Racket you cannot “network in”. All the big money I know is old money. Even the biggest! What do you know about Italian silk walls? Are you good enough to play someone’s Stradivarius? Does Christie’s call YOU? Are you registered with the police on Cap Ferrat? Do you understand hallux valgus?
Etc. It is a bizarre world. Every time I go hang out it costs me thousands. Usually something like one of them fancies themselves a jewelry designer and makes some pieces in a home studio, then hands them out to friends at the social occasion to wear...and of course purchase. At the very least to bring an appropriate vintage—it must of course be a collector vintage that someone is unlikely to already have, because each family has at least one wine nut who lives the cellars andnis really nothing more than a thinly-veiled alcoholic dilettante. You’ve got to do something though, right?

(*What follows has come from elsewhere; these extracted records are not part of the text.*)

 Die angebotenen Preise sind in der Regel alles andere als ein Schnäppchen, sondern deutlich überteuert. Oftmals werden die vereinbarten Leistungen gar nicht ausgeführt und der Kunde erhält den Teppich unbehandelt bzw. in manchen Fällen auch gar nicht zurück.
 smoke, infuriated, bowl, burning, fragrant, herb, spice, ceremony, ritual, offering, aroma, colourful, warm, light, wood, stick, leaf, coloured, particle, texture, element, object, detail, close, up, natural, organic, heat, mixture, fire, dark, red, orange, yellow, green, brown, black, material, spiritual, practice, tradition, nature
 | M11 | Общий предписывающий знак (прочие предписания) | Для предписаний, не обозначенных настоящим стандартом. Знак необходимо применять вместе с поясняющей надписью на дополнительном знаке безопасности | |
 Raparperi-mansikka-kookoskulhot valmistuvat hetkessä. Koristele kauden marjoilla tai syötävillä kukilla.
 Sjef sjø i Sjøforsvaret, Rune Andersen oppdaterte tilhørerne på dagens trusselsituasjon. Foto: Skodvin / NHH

Guy I was playing snooker with put his cue right through an original Warhol, and we laughed about it—he because he spilled lemonade on his custom Lobb’s, I because, as Capt. Picard once said, “sometimes you just have to bow to the absurd”. Of course everything was insured. Twice!

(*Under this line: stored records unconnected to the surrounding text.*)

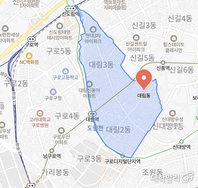 대림동은 신대방동과 신도림동 사이에 자리한 동네다. 1949년 두 지역이 서울시로 편입되면서 신대방동의 '대(大)'와 신도림동의 '림(林)'을 합쳐 이름이 지어졌다. 지명 자체에 두 지역의 경계에 있다는 뜻이 새겨져 있는 셈이다.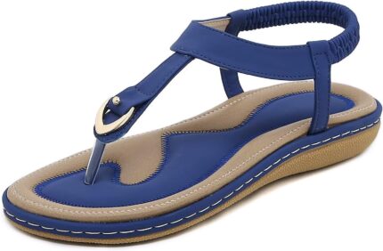 Women Summer Flat Sandals Casual T-Strap Flip Flops with Elastic Ankle Strap for Beach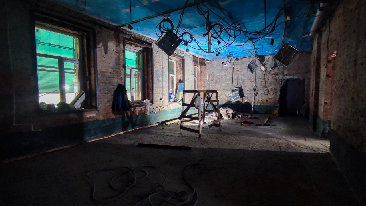 На изображении видно просторное помещение с кирпичными стенами, частично очищенными от старой штукатурки. Потолок окрашен в синий цвет, к нему подвешены осветительные панели и кабели временного электропитания. На полу видны следы черновой стяжки и строительные материалы. Через окна, прикрытые защитной плёнкой, поступает дневной свет. Объект находится на этапе реконструкции — здесь, вероятно, будет общественное или офисное пространство. Подобные помещения характерны для переоборудования зданий XIX–XX веков. Фото подходит для использования в материалах о строительных технологиях, инженерных системах, архитектурной реставрации и проектных решениях.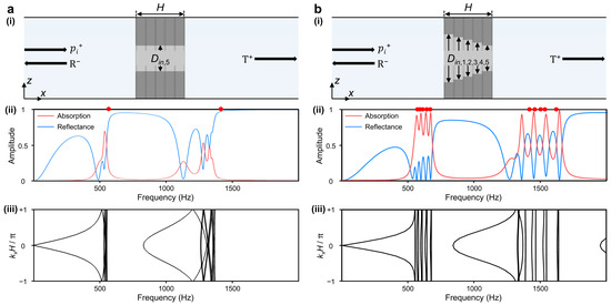 The soundproofing performance of two different waveguide structures. (a) Symmetric central passage with constant inlet diameter. (b) Asymmetric central passage with decreasing inlet diameter along the +x direction. In each section, (i) depicts the layer arrangement and wave propagation along the x direction, and (ii) presents the absorption coefficient (red line) and reflectance (blue line). The red dots display the analytical resonance frequency of DHRs, which are mounted in layers. Additionally, (iii) plots the corresponding band diagram of unit structure with total height H (H = 5h + 6t).

Or how about the time I had to drive someone’s brand-new Bentley, at the time 1 of 2 of that model, out of the ditch? His wife got liquored up and went for a drive around the estate (miles), and ended up stuck in the forest, off the road and in 2 feet of snow. We had a big party to celebrate the event, culminating in me driving it out, assisted by a tow from a guy with a new G-class “winter beater”. The ensuing private photo session (there is always one) was absurdity worthy of a Bloomsbury caper.
In Monaco I am always invited because I have never lost at a game of Padrida. Ever. Like my wife at Risk, I cannot lose. Curiosities are always welcome, and now I have ingratiated myself.

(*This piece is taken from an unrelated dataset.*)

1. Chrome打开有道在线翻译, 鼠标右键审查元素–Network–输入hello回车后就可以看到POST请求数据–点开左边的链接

In other places I have been invited by pure accident. It used to be that everywhere I went, people would look at me in reverence, whisper behind my back, get shy and run away, you name it. It was insisted that I attend various social functions with heads of state, etc. I actually went to some, to find out wtf. I thought it was because I was good-looking, cultured, articulate, was seen at some of the right places/events, and had some family.
WRONG! Holy hubris! It turns out that I am the doppelganger of one of the greatest and most beloved footballers in history—and the same age, athletic build, etc. It is effing uncanny. Everyone thought I was him at first! Of course I immediately disabused people of their false beliefs, but by then I was “in”. The resemblance was the curiosity, and I guess I have been interesting enough to stand on my own. Those types don’t get to meet many ordinary, but independent, people, and many found me refreshing in a way.
There are some good times to be had, but I try to limit my exposure. Frankly, I can’t afford it. I remember somebody wanted me to rent the apartment next door because I knew food, kept my mouth shut, and their dogs loved me. It was a mere €150k per month. Utilities included.
Also, it’s stultifying. I do things they would/could never do, and I wouldn’t trade that for anything. I try not to remember any information, although the one thing impossible to forget is where the smoking hot mistress is kept near the presidential palace.
One thing I would like to get out of all that is to hang out with Gal Gadot, in the Wonder Woman costume, with her acting in full character as the powerful innocent—almost as powerful and innocent as my wife.
It feels good to unburden myself of some of this. What a bizarre life.
See you all at market open for the xmas bonus.